Exact copy, pictures excluded: the lines from the one containing "Lot de 2 chaises" to the end of the listing.

Source material:
.....
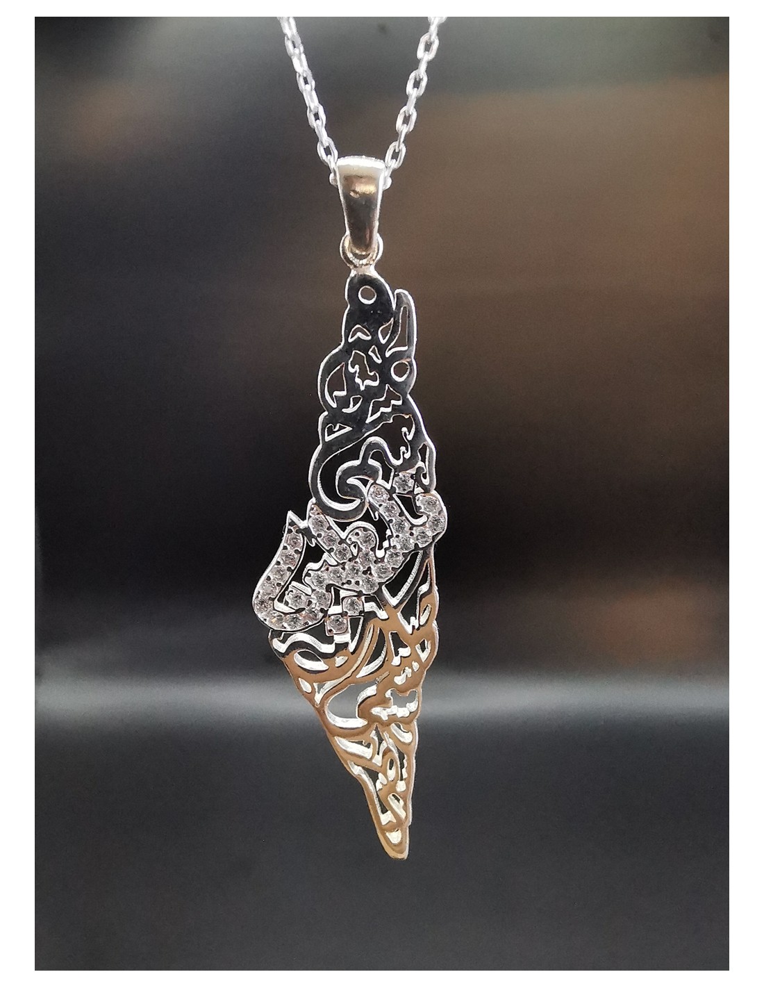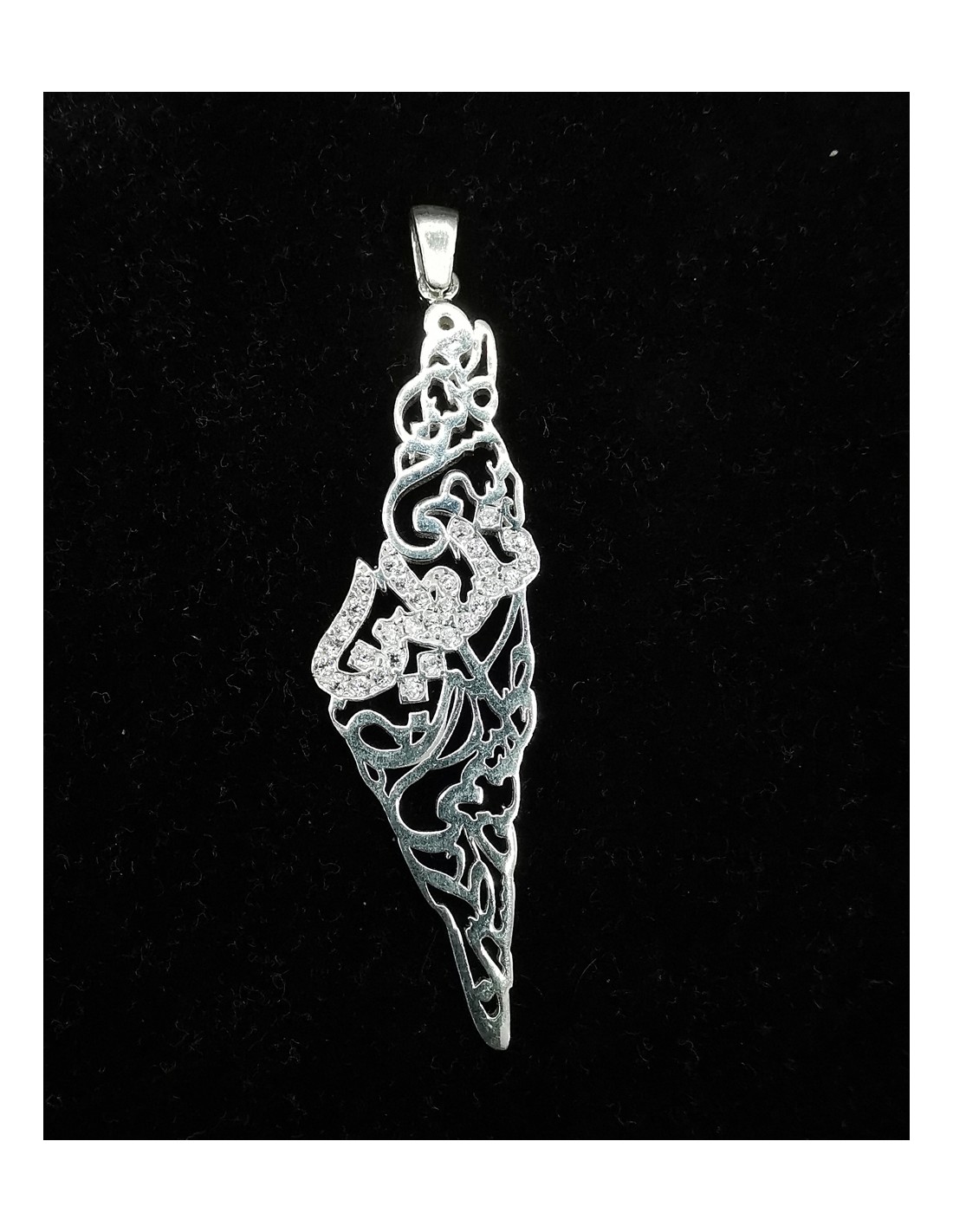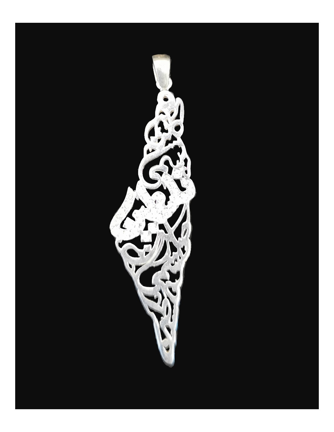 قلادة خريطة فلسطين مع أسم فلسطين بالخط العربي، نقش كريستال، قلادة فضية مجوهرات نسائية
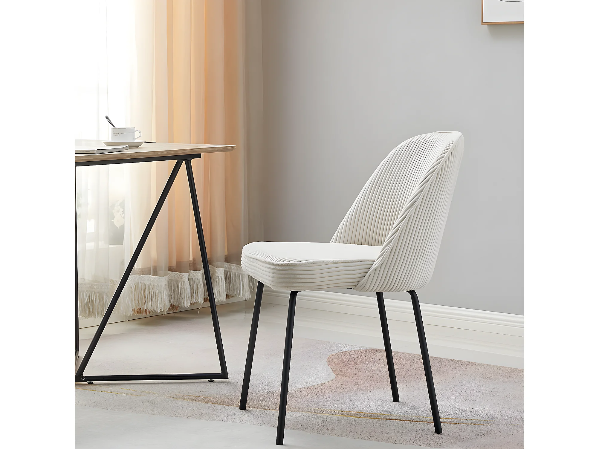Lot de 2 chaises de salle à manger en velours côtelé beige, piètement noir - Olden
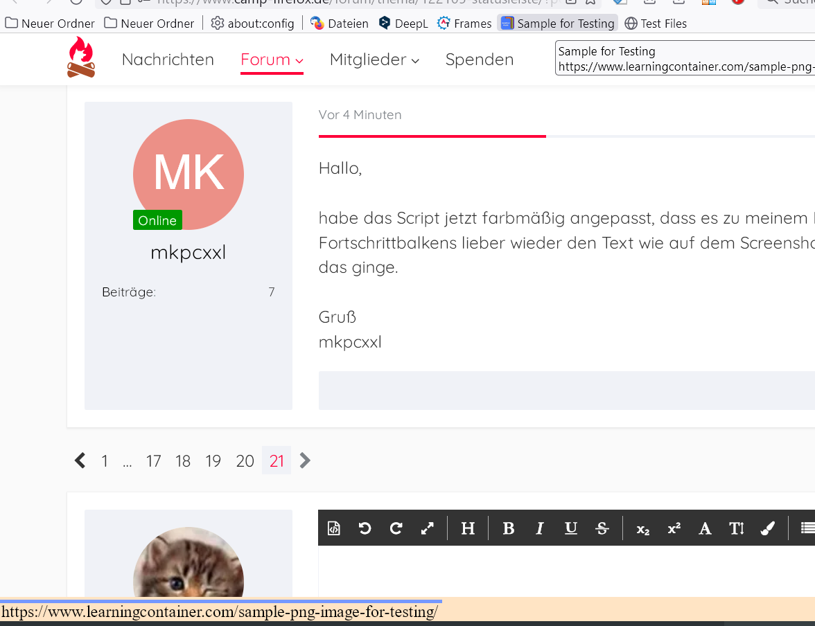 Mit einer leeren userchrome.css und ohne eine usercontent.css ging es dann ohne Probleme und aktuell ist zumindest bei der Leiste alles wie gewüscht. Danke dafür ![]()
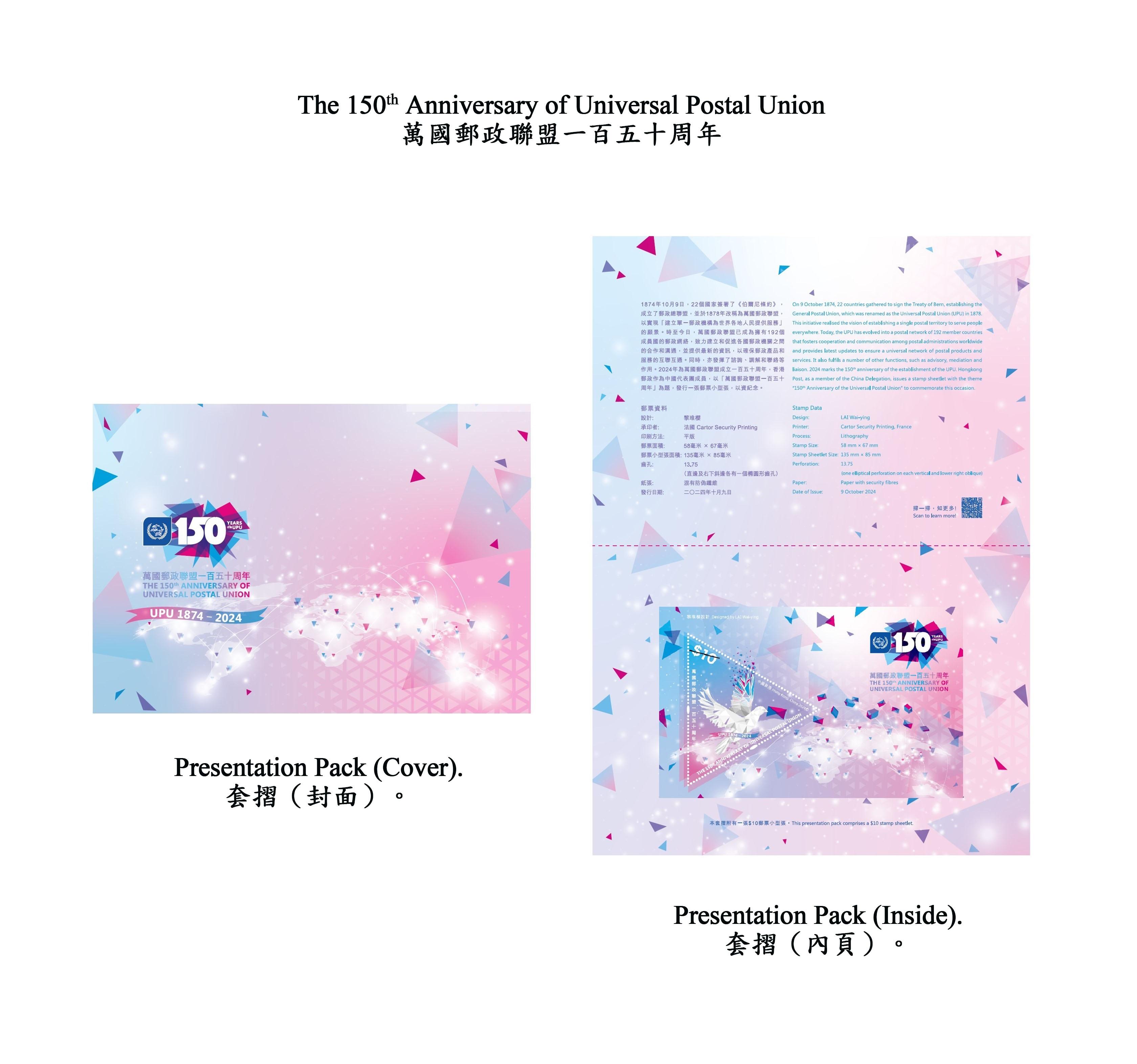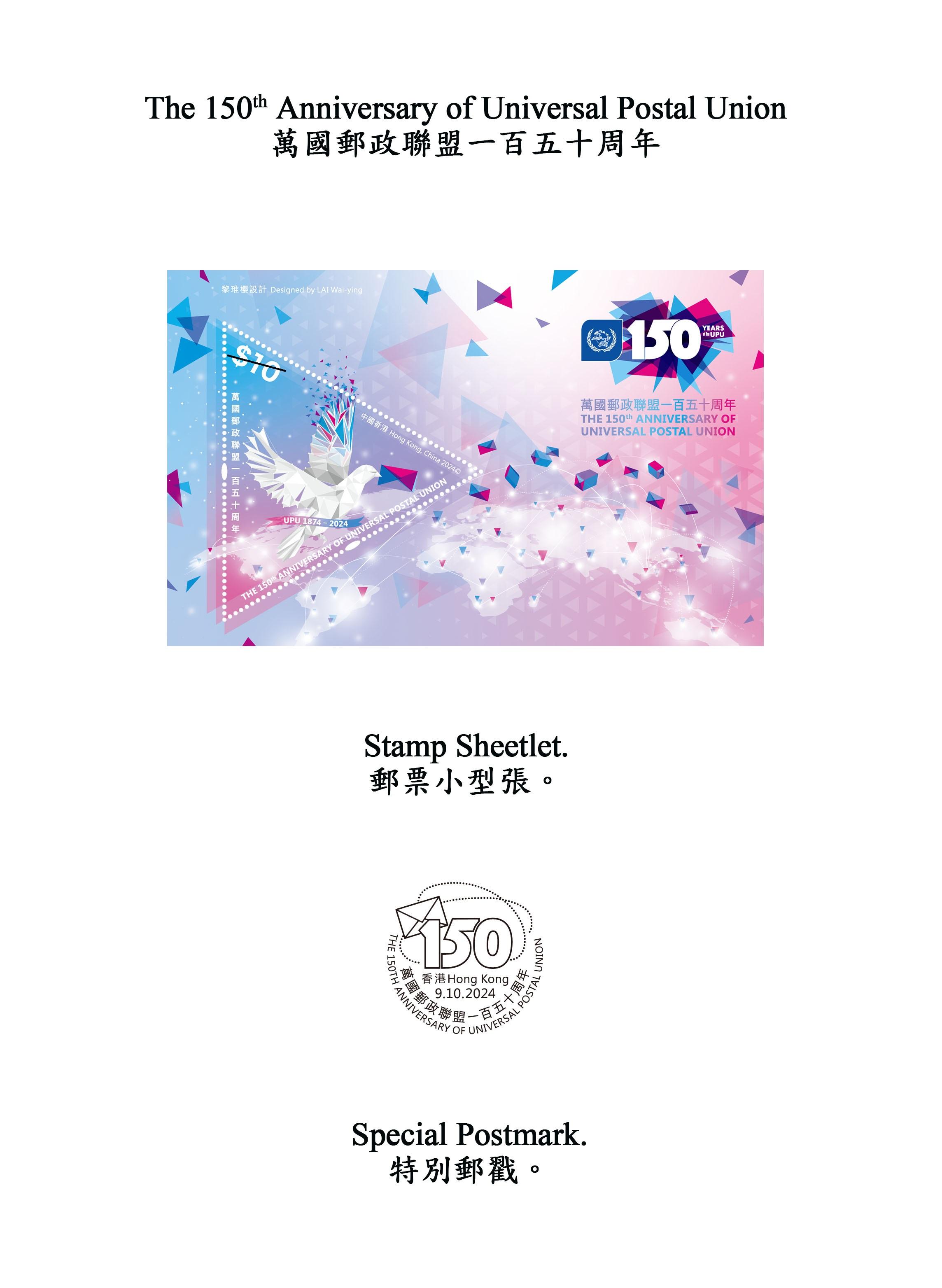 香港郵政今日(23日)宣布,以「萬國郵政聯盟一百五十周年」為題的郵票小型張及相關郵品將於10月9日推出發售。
.....
Task solution:
Lot de 2 chaises de salle à manger en velours côtelé beige, piètement noir - Olden
 Mit einer leeren userchrome.css und ohne eine usercontent.css ging es dann ohne Probleme und aktuell ist zumindest bei der Leiste alles wie gewüscht. Danke dafür ![]()
 香港郵政今日(23日)宣布,以「萬國郵政聯盟一百五十周年」為題的郵票小型張及相關郵品將於10月9日推出發售。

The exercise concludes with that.